But there’s also another possibility. At the root of this decision may be fear of being on the front page of
The Miami Herald.
Even though Nubia Barahona died when she was adopted by strangers – after extended family was turned down – there is a good chance that DCF and especially Our Kids learned a very different lesson: Don’t leave a child in any home of any kind where there are “risk factors” – like age and diabetes. After all, they’re probably thinking, we don’t want to be attacked in the
Herald’s next story if we leave the children with grandpa and something goes wrong.
So I guess congratulations may be in order. The
Herald’s bad journalism may have produced its first concrete “accomplishment” – the possible destruction of a loving family and psychic damage to the children beyond measure.
UPDATE, MARCH 24: NO, REP. WILSON, ADOPTED CHILDREN ARE
NOT SECOND-CLASS CITIZENS
It’s been said that hard cases make bad law – but it’s the laws some people think up after horror stories that really stink.
A Florida congresswoman is proving that there is no problem so serious that a politician can’t make it worse.
Rep. Frederica Wilson first grabbed a little glory at the expense of children in the wake of the last case to get this much attention, the disappearance of Rilya Wilson. Rilya was gone from her foster home for 15 months before anyone at the Department of Children and Families noticed.
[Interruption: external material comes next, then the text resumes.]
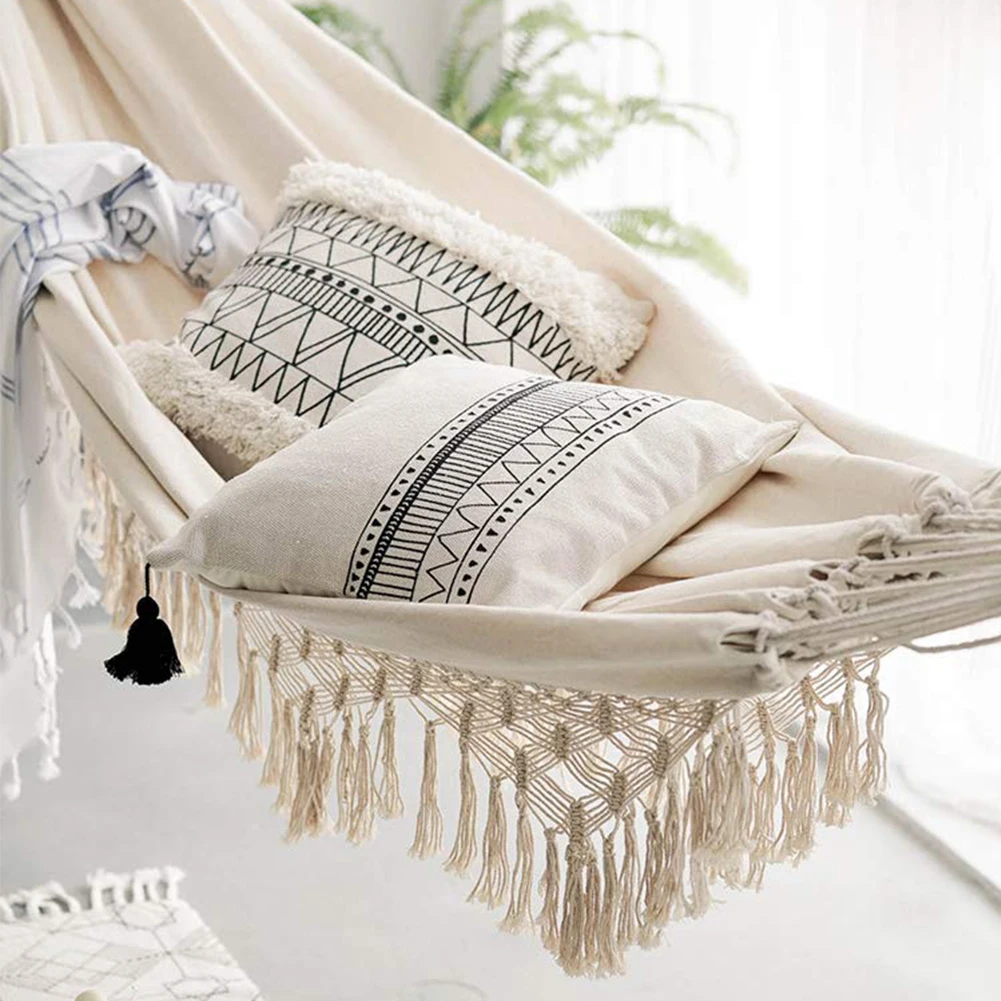 Характеристика: 1. Свободные и длинные кисточки. 2. Чесаный утолщенный холст. 3. Свежий и элегантный, мягкий хлопок, текстура с кисточками, Экзотический стиль. Спецификация: Материал: холст Цвет: белый Размер: 200x15 0 см/78.74x59.06in Подходит для: Двухместный Вес: 1800 г Максимальная нагрузка: 120 кг ПРИМЕЧАНИЯ по использованию гамака: 1. Не используйте чрезмерную силу во время использования, чтобы избежать поломки точки подключения. 2. Опорная точка подвесного гамака должна быть твердой, а высота подвешивания не должна превышать 1 м/3,28 футов, чтобы предотвратить случайное падение и травму. 3. Не привязывайте шнурок кровати к опорной точке с острыми предметами, чтобы избежать повреждения веревки. 4. Избегайте повреждения гамака кнопками или острыми предметами, которые вы носите с собой. 5. Перед использованием проверьте трос гамака. Чем короче расстояние от веревки, тем лучше. 6. Ткань этого продукта не является огнеупорной, пожалуйста, держитесь подальше от источника огня. 7. Обратите внимание на чистую и ровную поверхность вокруг гамака, избегая мест, где существуют твердые предметы, такие как гравий, ветви и т. д. (попробуйте использовать их на траве). Советы: 1. Всегда проверяйте веревки на обоих концах, чтобы избежать чрезмерного износа. 2. Запрещено качать назад и вперед в большой степени, чтобы избежать ненужных повреждений, вызванных быстрым износом канатов на обоих концах. 3. Пожалуйста, обратите внимание на персональную безопасность во время отдыха и развлечений. Примечание: 1. Из-за различных настроек монитора и светильник эффект, фактический цвет элемента может быть s светильник ly отличается от цвета, представленного на снимках. Спасибо! 2. Возможны отклонения в 1-3 см вследствие измерений вручную. 1 х белая сумка для хранения
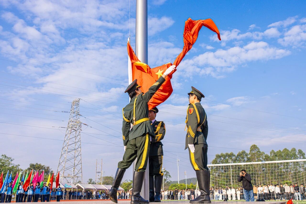 開幕式伊始,莊嚴(yán)的升旗儀式如期舉行。國歌嘹亮,紅旗飄揚(yáng),全場師生肅立注目,目光追隨著緩緩升起的五星紅旗,赤子之心與愛國情懷在此刻交融,凝聚成英華學(xué)子奮進(jìn)向上的青春力量,為整場運(yùn)動會奠定了莊重而激昂的基調(diào)。

Her body was never found.
So, instead of proposing sound, sensible ideas to improve DCF, at that point reeling from the take-the-child-and-run policies of then-Secretary Kathleen Kearney, Wilson sponsored a law requiring all pre-school aged foster children to be enrolled in pre-school. Among other effects of this idiotic law, scarce places in day care, that could go to low income parents who need them to avoid leaving their children home alone and being charged with “lack of supervision” instead may be going to children whose foster mother and/or foster father don’t even work outside the home.
The law also fails to consider the individual needs of foster children, some of whom might benefit more from remaining in the foster home each day, rather than going into day care – just as for others the opposite might be the case.
Wilson called this grand act of stupidity the Rilya Wilson Act – proving once again the adage that one should never trust a law with a first name.
Now, in an op ed column in the
Herald, she’s back with a new idea that’s even worse. Since Nubia Barahona allegedly was killed by her adoptive parents, Wilson thinks the answer is obvious: Impose the same requirements on adoptive parents. In addition, Wilson is calling for “tracking of school attendance for these children beyond the age of five” whatever that means.
Apparently, Wilson does not understand what adoption is. The whole point of adoption is to provide a child with permanence and security identical to that of a child living with her or his birth parents. The adoptive parents are the child’s
parents. Period. End of story. After an adoption is finalized the child even gets a new birth certificate, with the names of the new parents as her or his parents. With no asterisk saying “well, not really” and no caveat indicating that adoptive parents are second class parents and adopted children are second-class citizens subject to more government monitoring than the rest of us.
Among the most vital elements in making an adoptive family a real family is ending the oppressive supervision that comes with having a child welfare agency in your life. No adopted child can feel fully secure if the government is checking up on mom and dad on a regular basis, and it’s harder for adoptive parents to give children the love and security they deserve if they’re always looking over their shoulder, fearful of a government agency.
And, while there is compelling evidence that the rate of abuse in foster homes group homes and institutions is far higher than the rate in the general population, that is not true of adoptive homes.
The problems in the Barahona case had nothing to do with adoption per se – rather, they had to do with who was allowed to adopt Nubia and her brother Victor – and who was not. Loving relatives were turned down. The problems will not be solved by turning the whole concept of adoption into just a glorified form of foster care.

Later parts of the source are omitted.